Allan Young

Personal information
- Full name: Allan Robert Young
- Date of birth: 20 January 1941
- Place of birth: Hornsey, England
- Date of death: 8 December 2009 (aged 68)
- Height: 6 ft 0 in (1.83 m)
- Position: Centre half

Senior career*
- Years: Team / Apps / (Gls)
- 1960–1961: Arsenal / 4 / (0)
- 1961–1968: Chelsea / 20 / (0)
- 1968–1972: Torquay United / 60 / (1)
- 1972–1973: Wimbledon / 9 / (0)
- Total:  / 93 / (1)

= Allan Young =

English footballer (1941–2009)

Allan Robert Young (20 January 1941 – 8 December 2009) was an English professional footballer, playing mainly as a central defender.

==Career==
Young began his career as a junior with Arsenal, turning professional in April 1959. His first league match was on 26 December 1960, a 1–1 draw at Highbury against Sheffield Wednesday, with Young taking the place of the regular number five, John Snedden. Between 21 January and 11 February 1961, Young played a further three league games consecutively; a 4–2 defeat at White Hart Lane against bitter rivals (and eventual Double winners) Tottenham Hotspur, a 3–3 draw at St James' Park against Newcastle United and a 3–2 defeat at Highbury against Cardiff City.
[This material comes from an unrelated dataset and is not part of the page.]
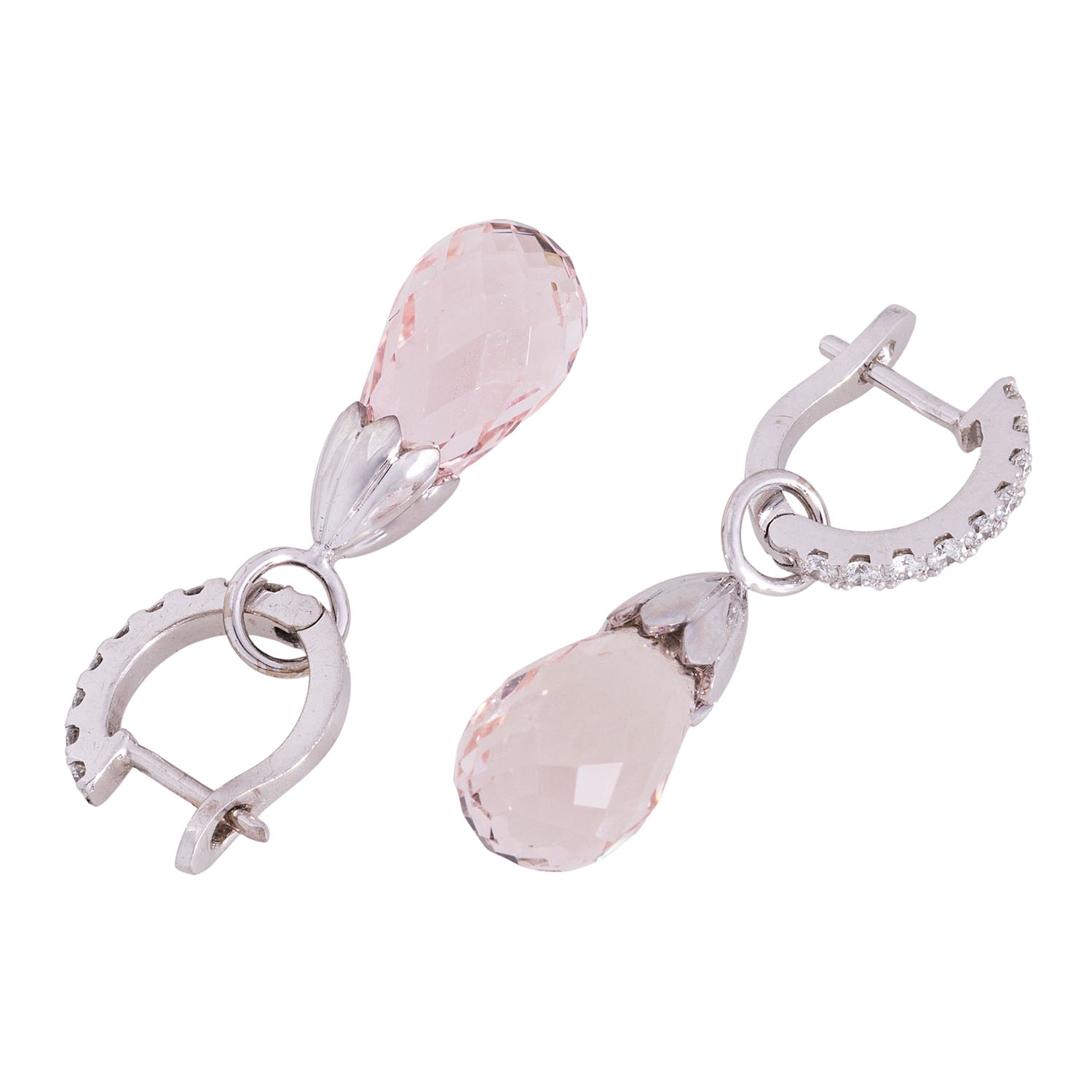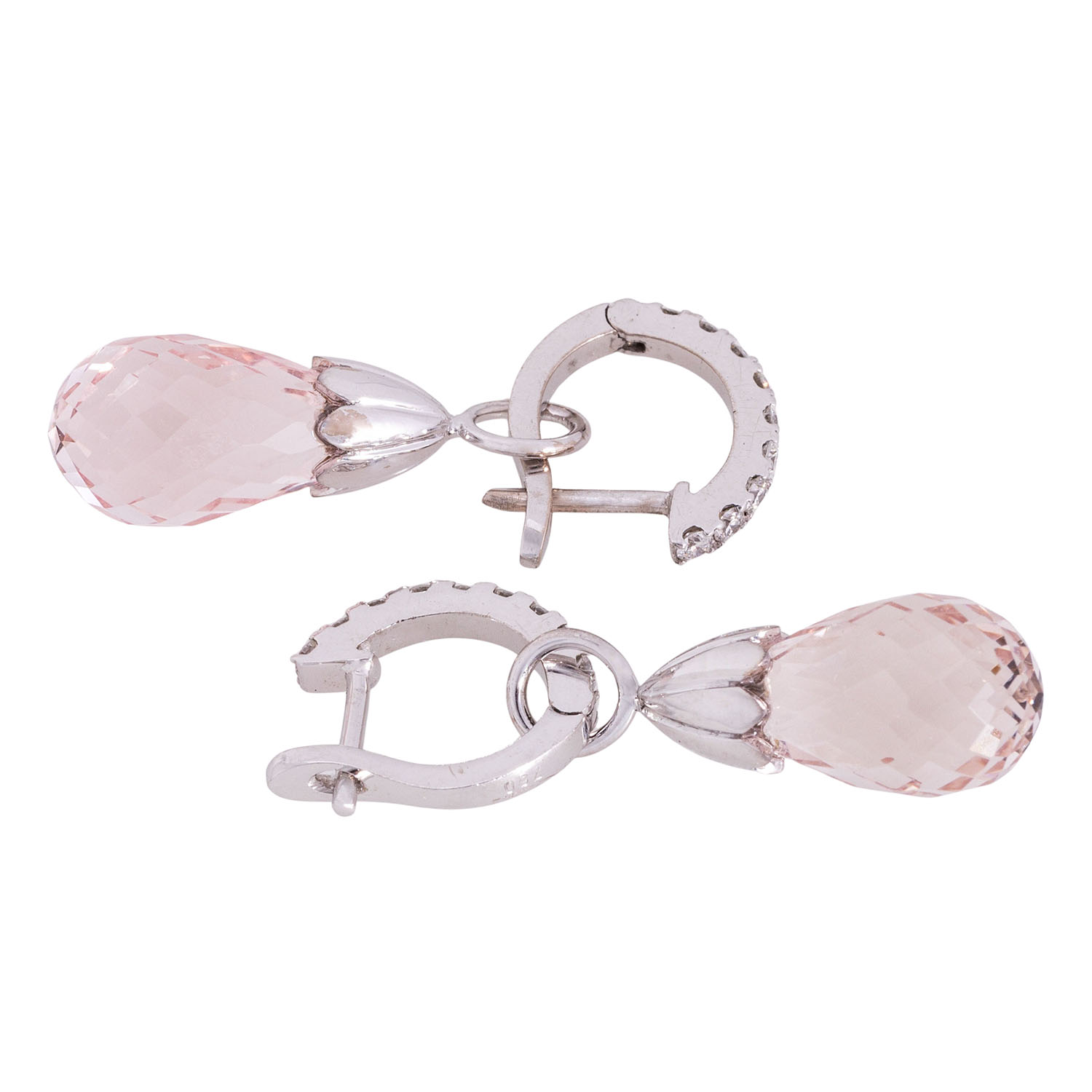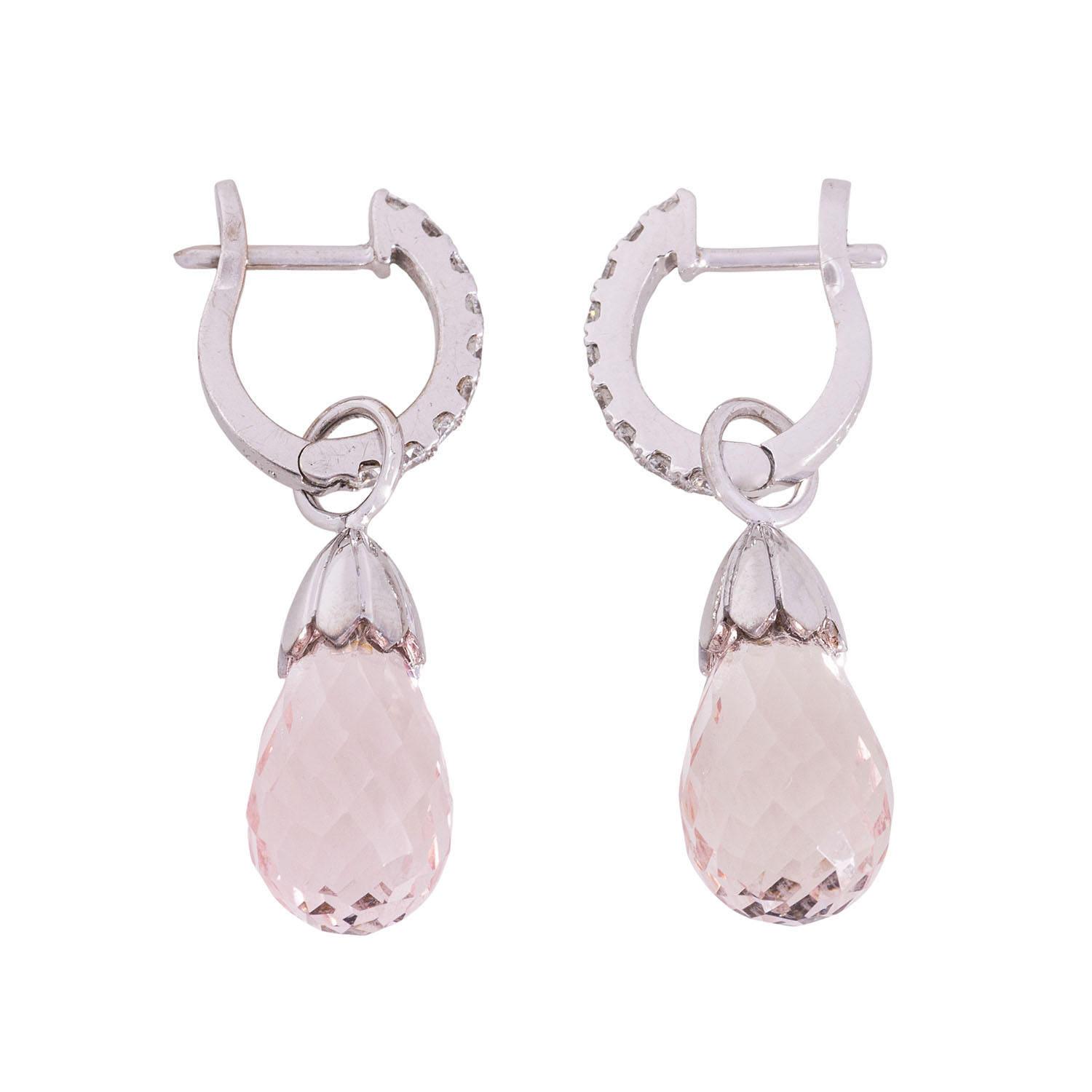 Créoles, especially with 2 fine, briolette-set morganite pampels 11.47 ct.

After being in a team that conceded ten goals in three games, Young never played for Arsenal again, and joined Chelsea in November 1961 for a fee of £6,000. He remained at Stamford Bridge for over seven years, but played in only 20 league games, never scoring, though he did play in their League Cup final win over Leicester City in 1965. In January 1969, he finally left Chelsea, joining Torquay United for a fee of £8,000. After 60 league games (one goal) for Torquay he retired from professional football.

==Death==
In 2009, he was diagnosed with dementia and had been put into a care home. He died on 8 December 2009.